COLLECTED MATERIAL:
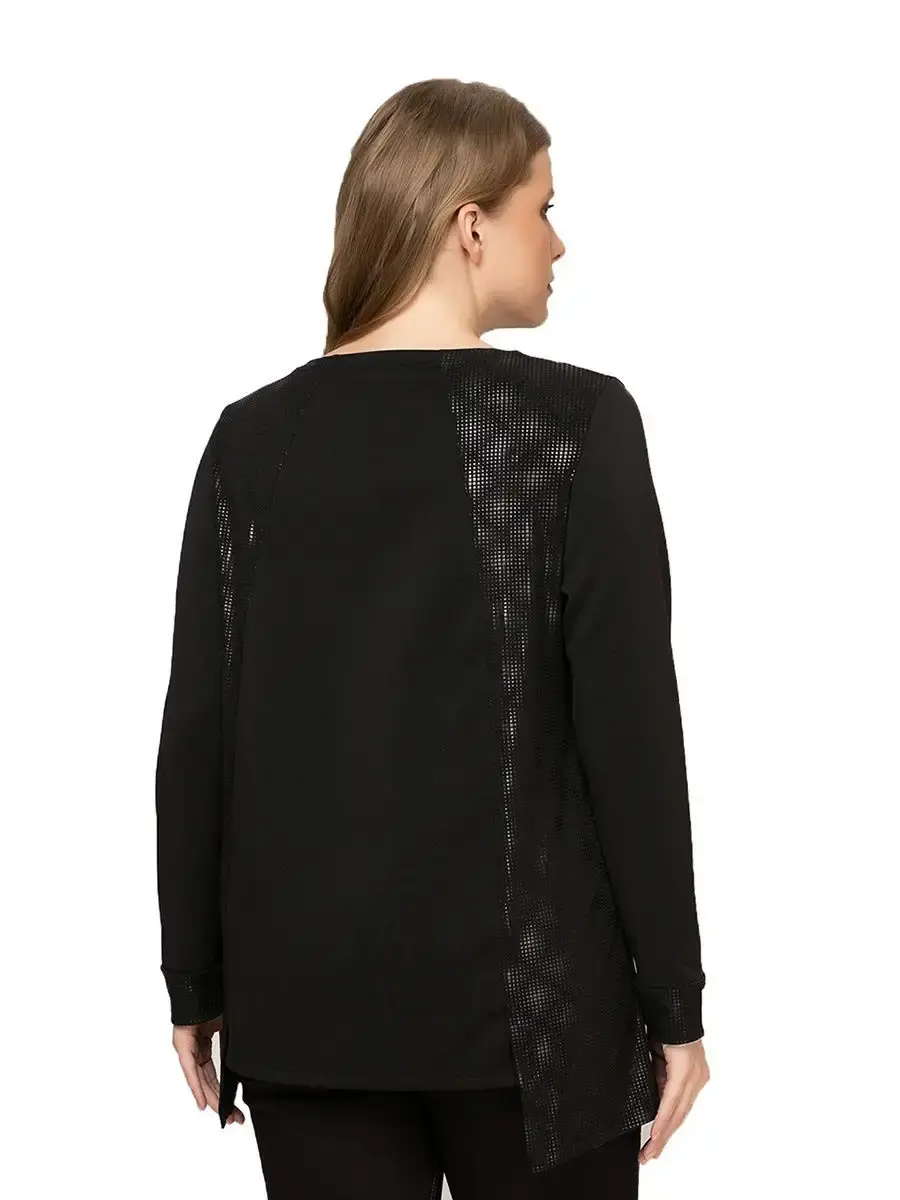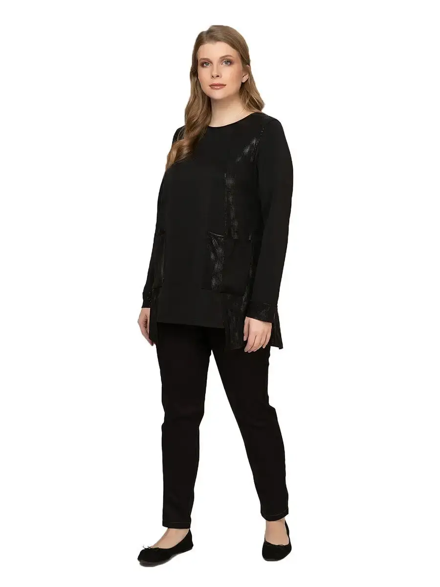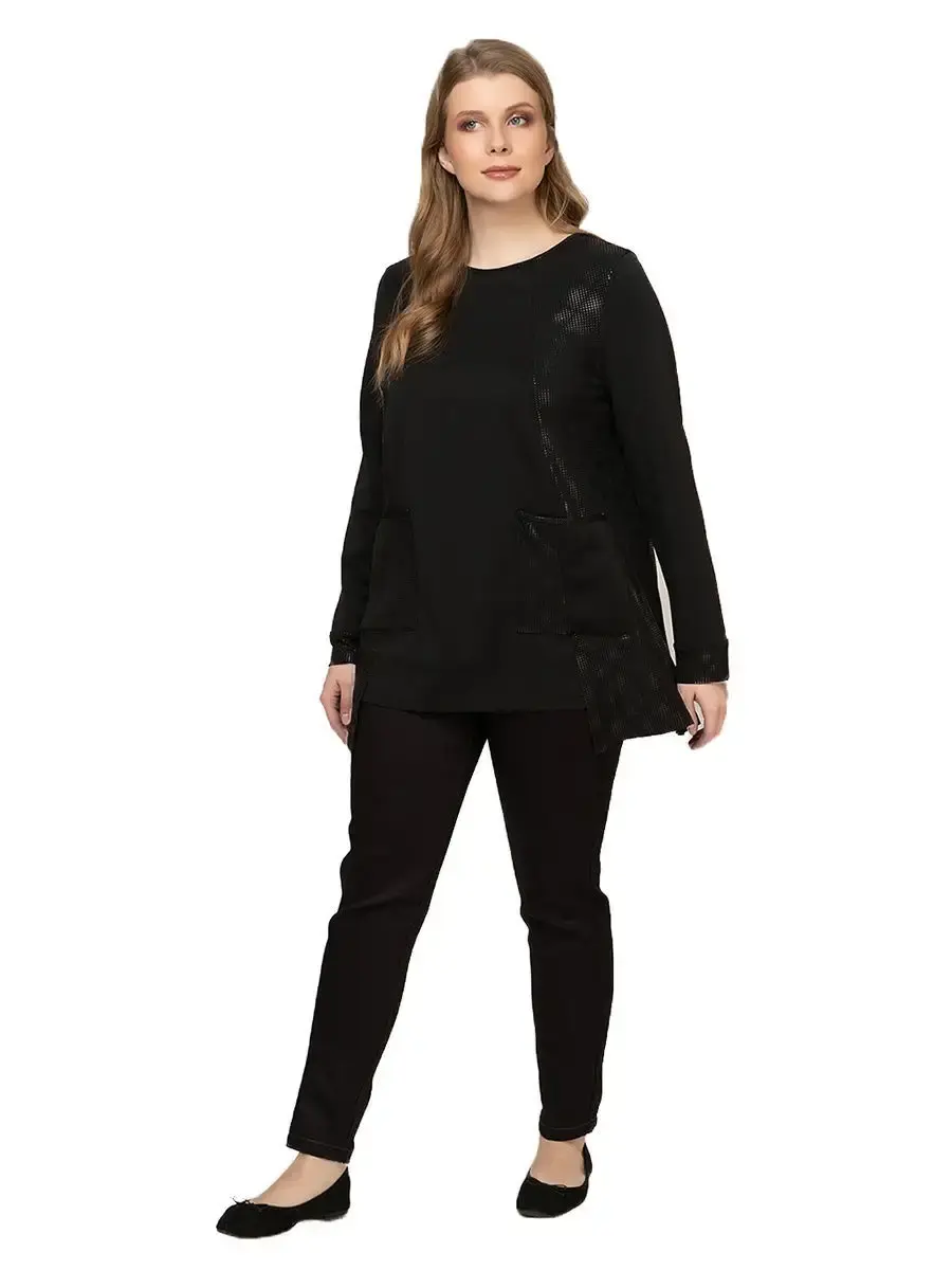 Эффектная стильная туника из однотонного матового трикотажа и ткани с перламутровым принтом. Модель имитирует длинный блестящий жилет без застежки, прикрывающий бедра, надетый поверх прямой чуть укороченной блузы с вырезом горловины лодочка;длинными втачными рукавами с манжетами, повторяющими блеск жилета, и декора квадратных накладных карманов. По спинке изделие выполнено в провокационном тренде: эффект не застегнутой блузы, надетой задом наперед.Длина по спинке: от 71 см до 76,5 см. Длина рукава 62 см.
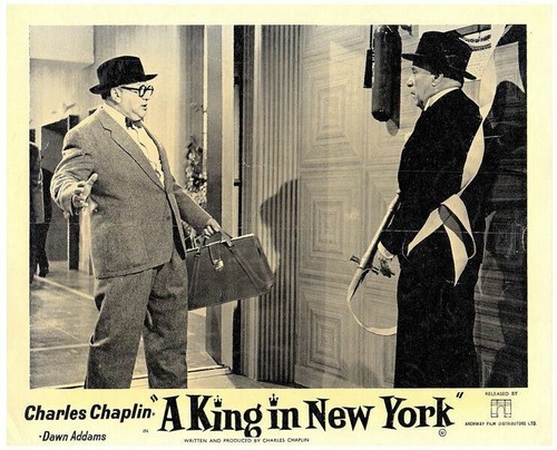 A KING IN NEW YORK ORIGINAL BRITISH LOBBY CARD CHARLES CHARLIE CHAPLIN MICHAEL CHAPLIN 1957 - GOOD CONDITION. Silver Screen Mementos are pleased to be able to offer this authentic original lobby card measuring 8x10 inches. This lobby card is from Great Britain and was printed during the actual year the film was released in movie theaters. The lobby card (also known as Front of House/ FOH card in the UK) was created by the film studios to publicise the movie and was intended for display outside the movie theatre in special glass display boxes. THESE ARE NOT REPRODUCTIONS! You are looking at a truly original piece of cinema art, a genuine collector's item. We have a huge archive of over 250,000 original lobby cards, mostly from the 1930's to the 1980's. We will be releasing many more rare gems from our vast collection, which will include lobby cards, original photographs, movie stills, transparencies and slides.
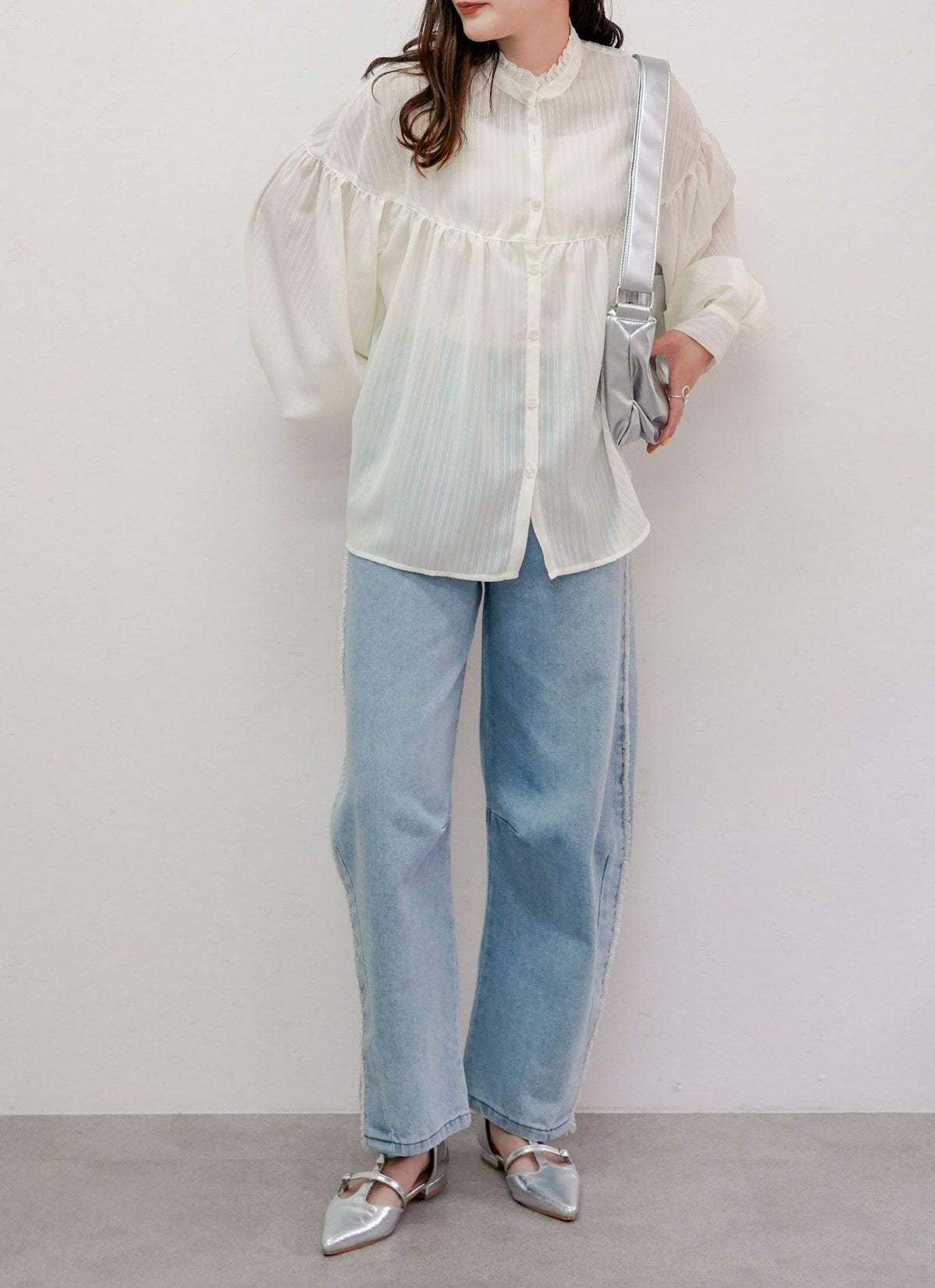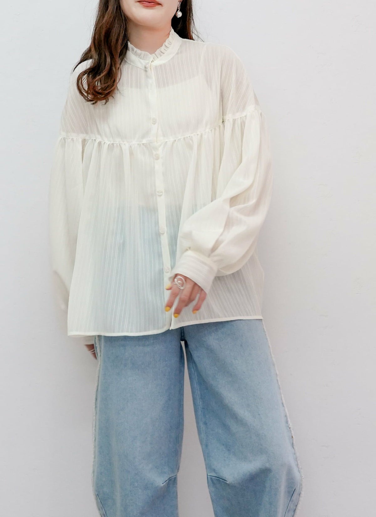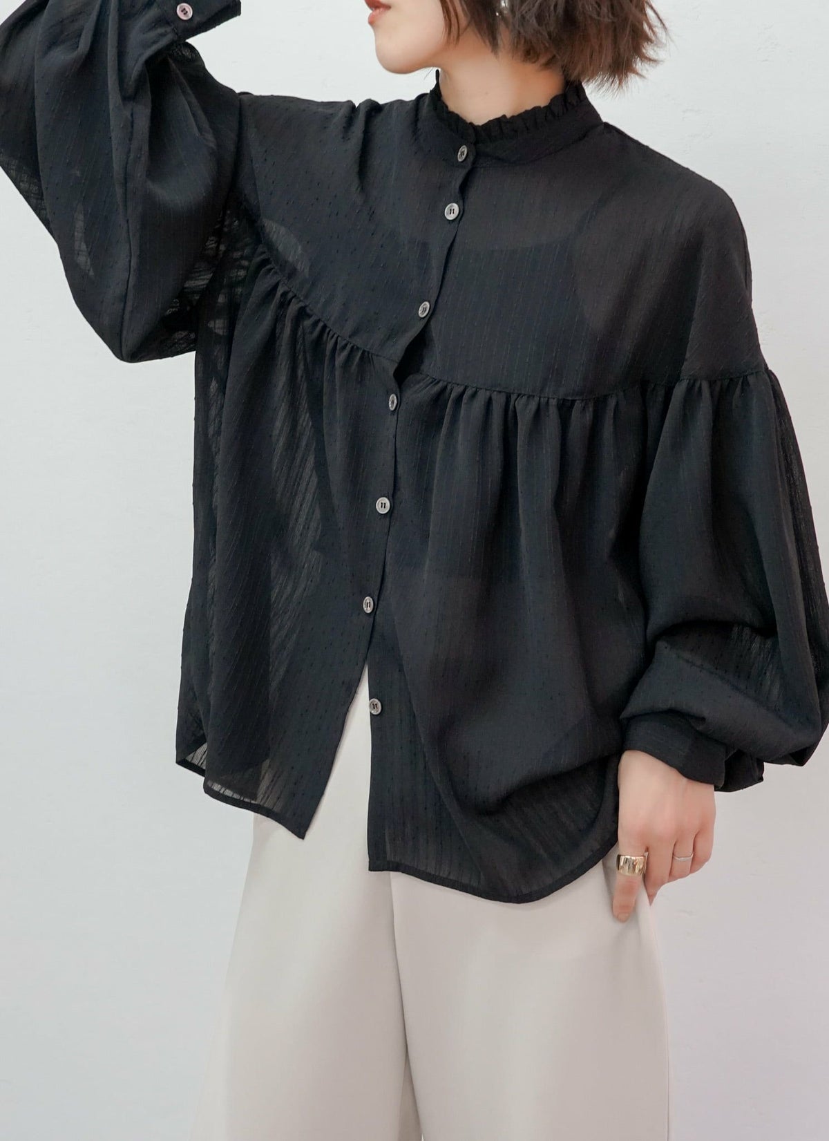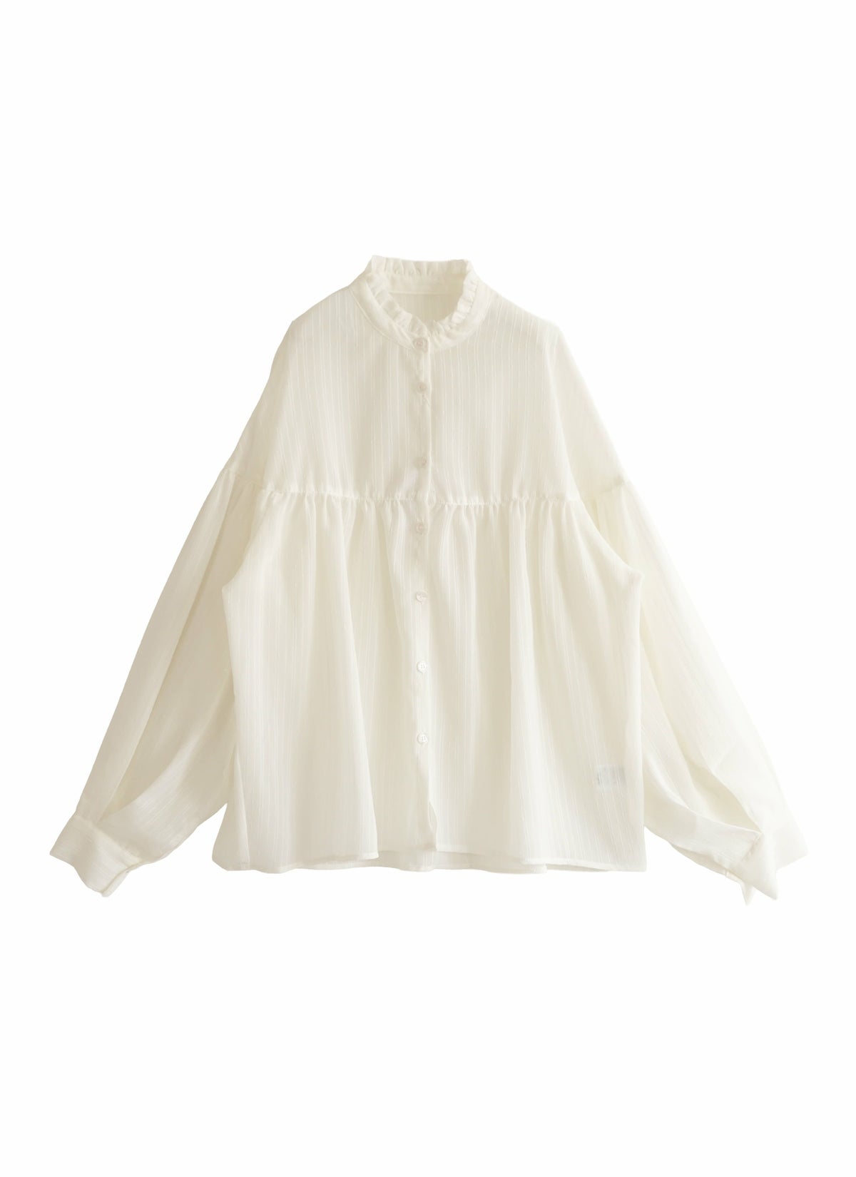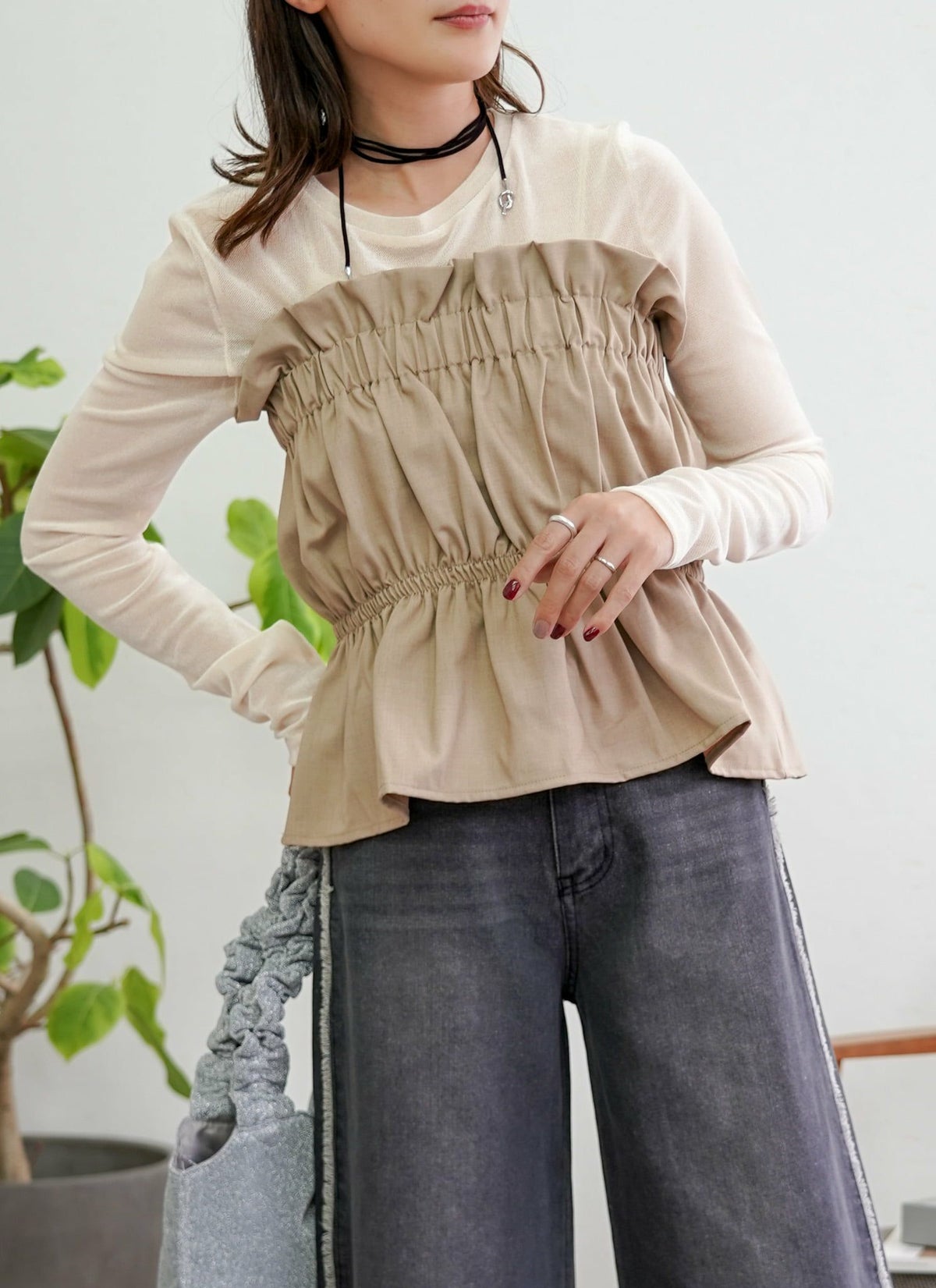 revoam【シアー素材でトレンド感UP! 着回ししやすいフリルブラウス】 【10%OFF】シフォンギャザーブラウス

WHAT THIS TASK INVOLVES:
Give back the listing unchanged. Strip out the pictures.

SOLUTION:
 Эффектная стильная туника из однотонного матового трикотажа и ткани с перламутровым принтом. Модель имитирует длинный блестящий жилет без застежки, прикрывающий бедра, надетый поверх прямой чуть укороченной блузы с вырезом горловины лодочка;длинными втачными рукавами с манжетами, повторяющими блеск жилета, и декора квадратных накладных карманов. По спинке изделие выполнено в провокационном тренде: эффект не застегнутой блузы, надетой задом наперед.Длина по спинке: от 71 см до 76,5 см. Длина рукава 62 см.
 A KING IN NEW YORK ORIGINAL BRITISH LOBBY CARD CHARLES CHARLIE CHAPLIN MICHAEL CHAPLIN 1957 - GOOD CONDITION. Silver Screen Mementos are pleased to be able to offer this authentic original lobby card measuring 8x10 inches. This lobby card is from Great Britain and was printed during the actual year the film was released in movie theaters. The lobby card (also known as Front of House/ FOH card in the UK) was created by the film studios to publicise the movie and was intended for display outside the movie theatre in special glass display boxes. THESE ARE NOT REPRODUCTIONS! You are looking at a truly original piece of cinema art, a genuine collector's item. We have a huge archive of over 250,000 original lobby cards, mostly from the 1930's to the 1980's. We will be releasing many more rare gems from our vast collection, which will include lobby cards, original photographs, movie stills, transparencies and slides.
 revoam【シアー素材でトレンド感UP! 着回ししやすいフリルブラウス】 【10%OFF】シフォンギャザーブラウス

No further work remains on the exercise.